**EXERCISE:** Find the line with "Lindo llavero que" in the entries below, then output every line from it down to the line with "For any serious", exactly and with no pictures.

**INFORMATION:**

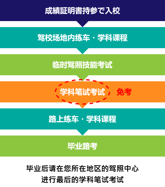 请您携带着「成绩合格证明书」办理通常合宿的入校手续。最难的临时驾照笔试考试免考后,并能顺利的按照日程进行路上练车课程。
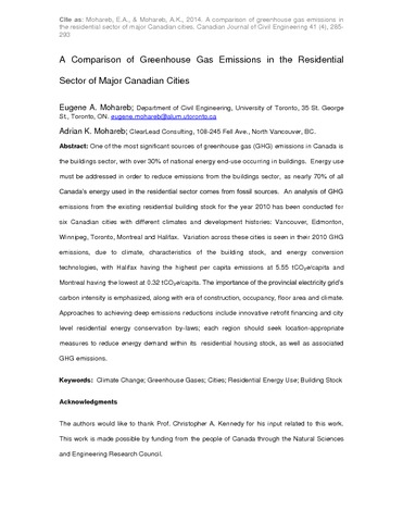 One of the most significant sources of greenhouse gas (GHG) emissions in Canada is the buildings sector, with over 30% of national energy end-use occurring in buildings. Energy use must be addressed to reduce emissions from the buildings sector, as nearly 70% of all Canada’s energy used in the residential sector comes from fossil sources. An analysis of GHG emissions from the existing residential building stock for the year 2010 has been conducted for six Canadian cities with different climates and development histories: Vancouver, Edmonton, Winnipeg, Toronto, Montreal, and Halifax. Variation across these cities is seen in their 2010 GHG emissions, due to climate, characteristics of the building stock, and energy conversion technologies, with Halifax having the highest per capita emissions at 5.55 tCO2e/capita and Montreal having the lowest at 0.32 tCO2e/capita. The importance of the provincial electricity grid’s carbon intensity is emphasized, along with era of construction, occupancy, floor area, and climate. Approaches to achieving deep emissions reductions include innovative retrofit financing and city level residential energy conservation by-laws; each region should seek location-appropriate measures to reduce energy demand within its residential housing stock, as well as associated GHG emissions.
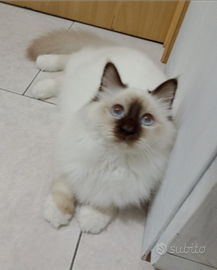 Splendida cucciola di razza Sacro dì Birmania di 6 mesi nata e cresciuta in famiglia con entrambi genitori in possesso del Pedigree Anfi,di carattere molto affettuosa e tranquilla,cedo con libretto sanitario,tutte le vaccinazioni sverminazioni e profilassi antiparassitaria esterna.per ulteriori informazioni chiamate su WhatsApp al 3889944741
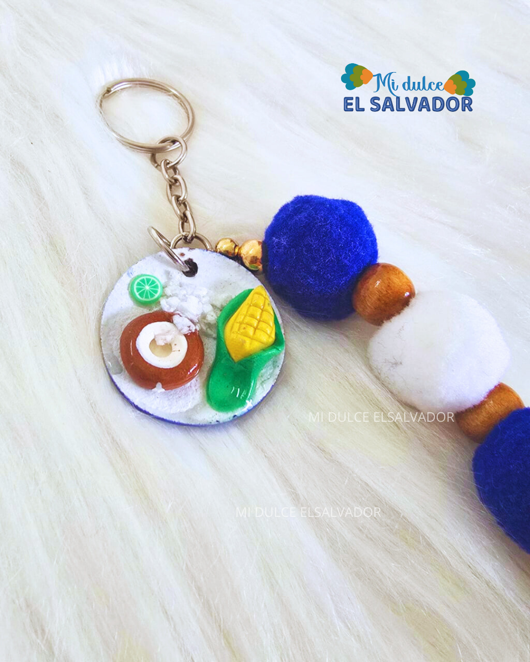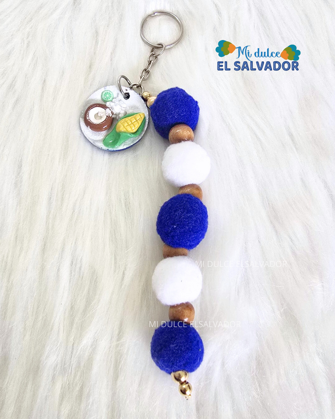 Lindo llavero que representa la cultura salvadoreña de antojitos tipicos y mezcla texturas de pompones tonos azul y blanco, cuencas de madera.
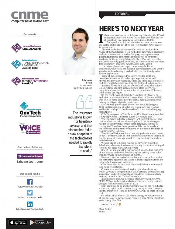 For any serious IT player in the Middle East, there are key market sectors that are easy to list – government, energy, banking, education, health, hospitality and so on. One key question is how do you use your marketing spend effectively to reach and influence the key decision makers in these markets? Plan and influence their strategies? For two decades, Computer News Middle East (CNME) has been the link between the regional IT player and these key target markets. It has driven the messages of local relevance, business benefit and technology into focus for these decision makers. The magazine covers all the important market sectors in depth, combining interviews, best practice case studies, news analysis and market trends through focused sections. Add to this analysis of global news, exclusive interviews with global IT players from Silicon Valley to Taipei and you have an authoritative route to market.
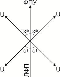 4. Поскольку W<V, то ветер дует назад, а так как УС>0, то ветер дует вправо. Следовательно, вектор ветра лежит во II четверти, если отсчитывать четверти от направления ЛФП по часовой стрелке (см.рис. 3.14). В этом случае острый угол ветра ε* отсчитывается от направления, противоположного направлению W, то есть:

...

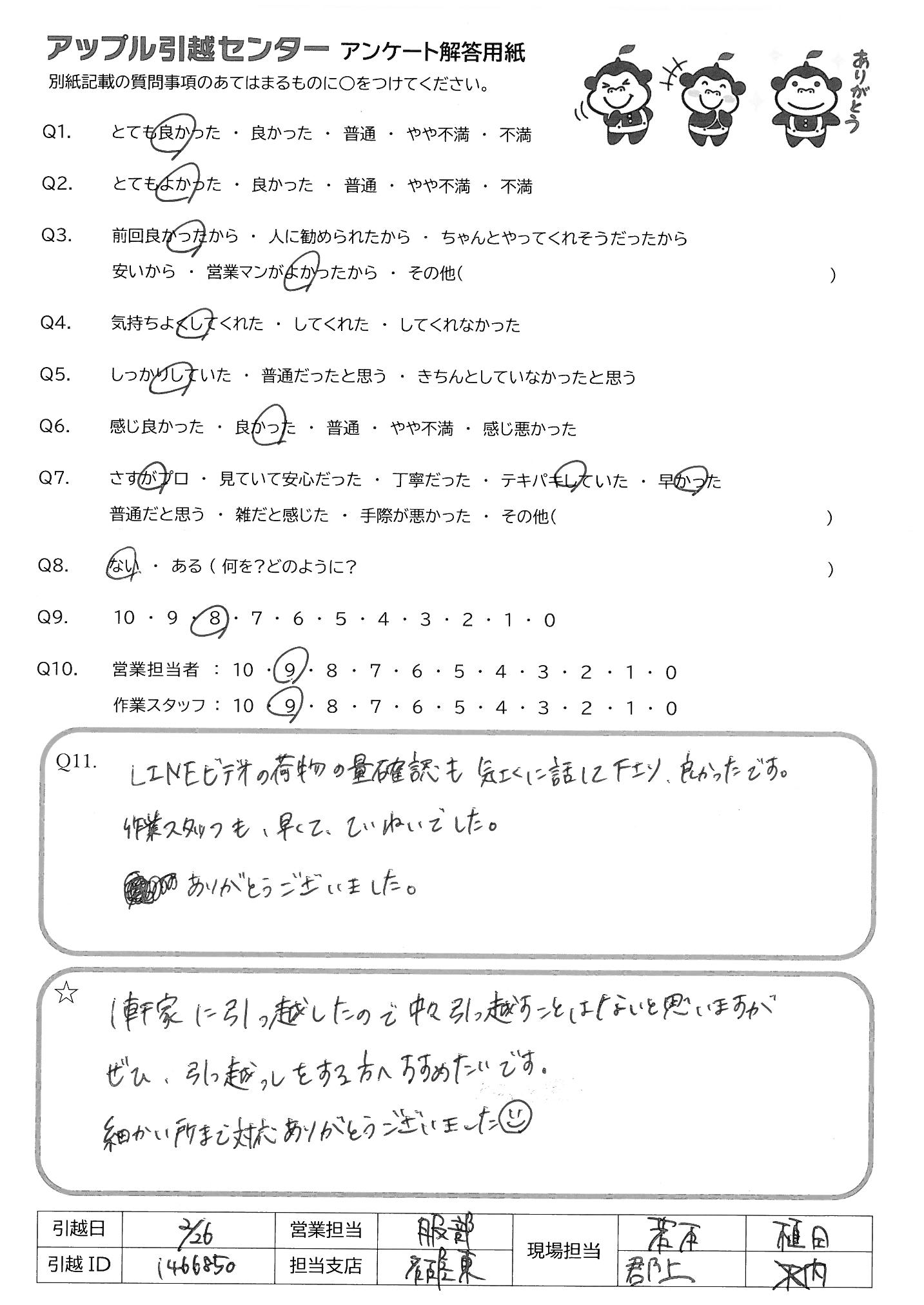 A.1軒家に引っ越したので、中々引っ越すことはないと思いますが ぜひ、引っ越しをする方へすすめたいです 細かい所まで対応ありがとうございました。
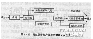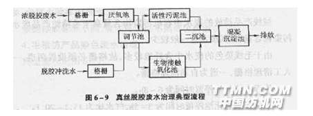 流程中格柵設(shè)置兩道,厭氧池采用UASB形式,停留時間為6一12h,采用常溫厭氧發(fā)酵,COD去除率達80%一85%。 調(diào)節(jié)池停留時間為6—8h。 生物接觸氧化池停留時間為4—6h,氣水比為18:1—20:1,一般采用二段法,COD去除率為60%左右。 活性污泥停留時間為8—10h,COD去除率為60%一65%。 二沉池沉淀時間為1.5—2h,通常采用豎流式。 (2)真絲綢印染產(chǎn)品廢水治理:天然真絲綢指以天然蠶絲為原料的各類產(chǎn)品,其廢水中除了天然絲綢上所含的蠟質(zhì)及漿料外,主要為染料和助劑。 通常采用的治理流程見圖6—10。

==

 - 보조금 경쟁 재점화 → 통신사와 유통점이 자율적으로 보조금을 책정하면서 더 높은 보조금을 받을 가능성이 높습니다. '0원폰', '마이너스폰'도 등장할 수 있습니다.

**TASK SOLUTION:**
 Lindo llavero que representa la cultura salvadoreña de antojitos tipicos y mezcla texturas de pompones tonos azul y blanco, cuencas de madera.
 For any serious IT player in the Middle East, there are key market sectors that are easy to list – government, energy, banking, education, health, hospitality and so on. One key question is how do you use your marketing spend effectively to reach and influence the key decision makers in these markets? Plan and influence their strategies? For two decades, Computer News Middle East (CNME) has been the link between the regional IT player and these key target markets. It has driven the messages of local relevance, business benefit and technology into focus for these decision makers. The magazine covers all the important market sectors in depth, combining interviews, best practice case studies, news analysis and market trends through focused sections. Add to this analysis of global news, exclusive interviews with global IT players from Silicon Valley to Taipei and you have an authoritative route to market.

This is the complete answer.